Ступени в вечность - Людмила Минич
Шрифт:
Интервал:
Закладка:
Маритха вспыхнула.
— Ты уж прости… я еще не привыкла, — взмолилась. — Давай я руку посмотрю!
— Ерунда, — отмахнулся он, — малость. Жиром намажу, и скоро пройдет.
— Давай я, — решительно взялась Маритха за дело, забыв о том, что она до сих пор голодная.
Снова развязала бурдюк, окунула пальцы.
Тангар опять так и вцепился глазами, но ничего не сказал. Ей показалось, он озадачен, но следом за тем хранитель едва слышно хмыкнул:
— Тогда уж целебным, коль на то пошло.
Маритха налилась жаром еще больше, поспешно оттерлась и наново вымазала пальцы.

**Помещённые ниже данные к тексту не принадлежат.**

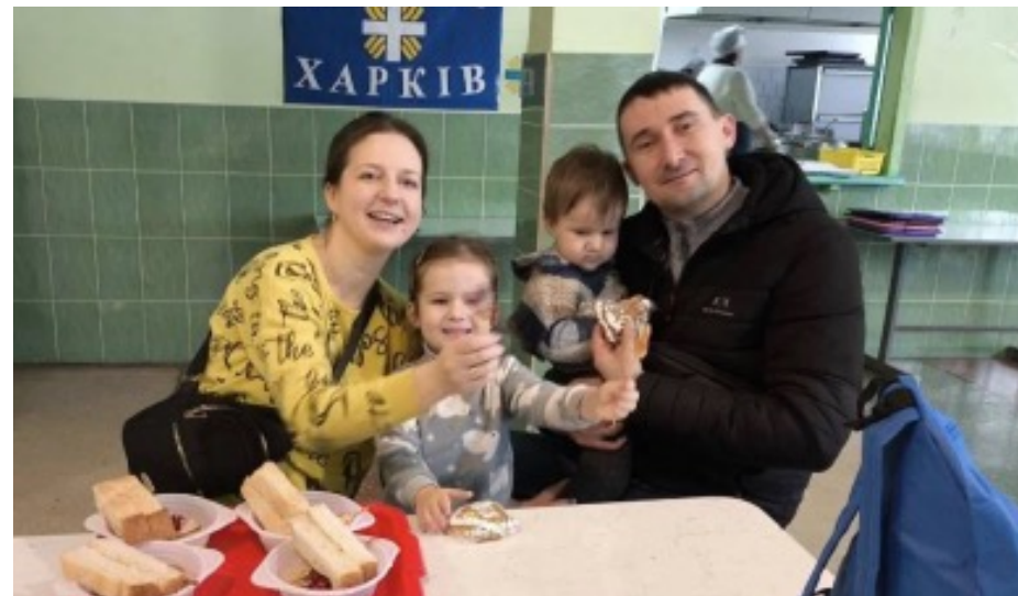
Фото 2. Команда благодійної кухні Карітас Харків готує святкове різдвяне меню для людей, евакуйованих через обстріли, у межах гуманітарного проекту, м. Харків, за підтримки Catholic Relief Services (CRS), 2025 рік

Он протянул ей руку, уж очень небрежно. Пока они разговаривали, успели вздуться здоровенные волдыри.
— Тут осторожно надо, — прошептала Маритха, едва касаясь пальчиками. — Вот так. Эх! Сразу надо было… А обругать меня ты и потом успел бы.
Если бы девушка не была так занята и огорчена одновременно, то не пропустила бы едва заметную улыбку.
— Потом… Сразу надо делать то, что должно.
— Вот я и говорю — сразу, — подхватила она. — А сейчас, наверно, больно будет…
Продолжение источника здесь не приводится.